Latest ISCC project in China elicits nod of approval from Beijing
By Paul French in Shanghai
China’s Hanas New Energy Group (also known as Ningxia East Thermal Power Co. Ltd.) recently announced that it has begun construction on a concentrated solar power (CSP) project in Gaoshawo town, Yanchi County, Ningxia province in northwest China.
Hanas claim it is the first project of its kind in Asia, utilizing integrated solar combined cycle (ISCC) technology. The plant will reportedly have an eventual planned capacity of 92.5 megawatts and is scheduled to go online by October 2013. Hanas reports that the required investment is in the region of RMB2.25 billion (around US$346 million). Partners with Hanas in the Gaoshawo project include North China Power Engineering and Germany’s Siemens.
ISCC technology integrates trough solar thermal generators with gas turbine generators to create a trough ISCC system. In a press release to announce the project Hanas stated, “…this power station represents an alternative to the traditional trough solar power generation by adding storage facilities and co-operating with combustion turbines for maximizing utilization of solar power resources.”
Hanas’s President Mr. Ma Fuqiang says that, ‘the thermal efficiency of the technology is boosted by up to 80%, by fully utilising solar energy as the source of low and medium temperature heating and high temperature flue gas generated by natural gas power generation as the source of high temperature heating.’
Hanas, and many alternative energy and solar experts, view ISCC as a potential solution to China’s major problem with CSP to date – the inability of CSP to deliver consistently enough to reflect the erratic changes in output in relation to the peaks and troughs of grid demand across the country.

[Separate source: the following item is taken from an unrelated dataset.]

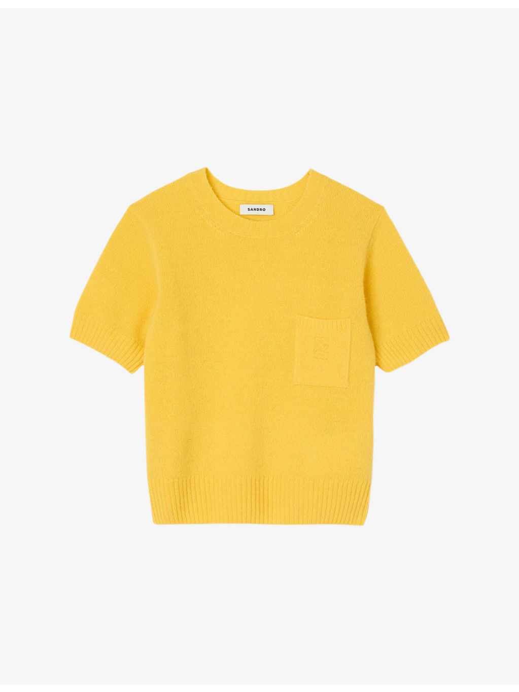 PRODUCT DETAILS - Sandro wool jumper - 100% wool - Regular fit, round neck, patch pocket at chest with logo embroidery, short sleeves - Hand wash - True to size - Model is 5ft 9in/1.75m and wears a size UK 8 - Midweight, non-stretch Ref: R04501179

To this end, China has begun ploughing significant investment into developing a nationwide smart grid to ease this problem. Here, the ability to store solar-generated energy to help prevent fluctuations in supply will prove useful.
If a hybrid technology like ISCC is proven to be a successful technology in helping “smooth” the demand and supply peaks and to better modify output to suit demand, it could herald a brighter future for CSP in general in China than has been seen so far. Hanas expects to operate the Gaoshawo plant at a load of between 30% and 100% daily.
To date, while embracing alternative energy, China has largely shied away from CSP believing it to be too unreliable, too erratic and the sites to be located too far away (mostly inland and to the northwest) to feed into the power systems where additional energy is needed (southern China and the coastal manufacturing belt).
Ningxia-based Hanas is involved in a number of alternative energy projects, including a major LNG facility in the province’s capital Yinchuan, currently under construction. If ISCC is seen as basically CSP plant attached to a traditional power plant, then Hanas has good experience of the power plant dimension of the system.
As for its partners, Siemens is expected to supply the gas turbine generators from Siemens Energy division in Erlangen, Germany. Siemens supplied turbines to Hanas’ 250MW Ningxia East Thermal Power Plant in Yinchuan last year, which will be up and running in 2012. The deal includes a long-term service agreement.
North China Power Engineering is a general power company, based in Beijing, and involved in a large number of projects across China. Like Siemens, NCPE has been involved in projects with Hanas in Ningxia previously, including jointly working on a combined cycle heating, cooling and power tri-generation project using clean energy as fuel in Ningxia to supply the centralized heating, cooling and power generation to the city of Yinchuan.
Over-priced; or undervalued?
Critics, however, complain that ISCC is expensive. Indeed, bolting a solar field onto a traditional power plant significantly increases construction costs.
But China’s thirst for energy, combined with its stated political goal of increasing energy security and reducing oil-dependancy, and its comparative advantage of low construction costs (owing to subsidies, state-owned companies, tax breaks and generally very low labour and land costs in northwest China) means that this argument is unlikely to hold much sway in China. Delivery of uninterrupted energy will be the solid test for ISCC in the PRC.
China politics watchers will have noted that the launch of construction of the Gaoshawo ISCC project was attended by President Ma of Hanas along with Zhao Xiaoping, vice chairman of Ningxia and a vice chairman of the Chinese People’s Political Consultative Conference (CPPCC) of Ningxia. Additionally, China's National Energy Administration sent Hanas a letter of congratulation. It appears Beijing believes ISCC may be the way forward.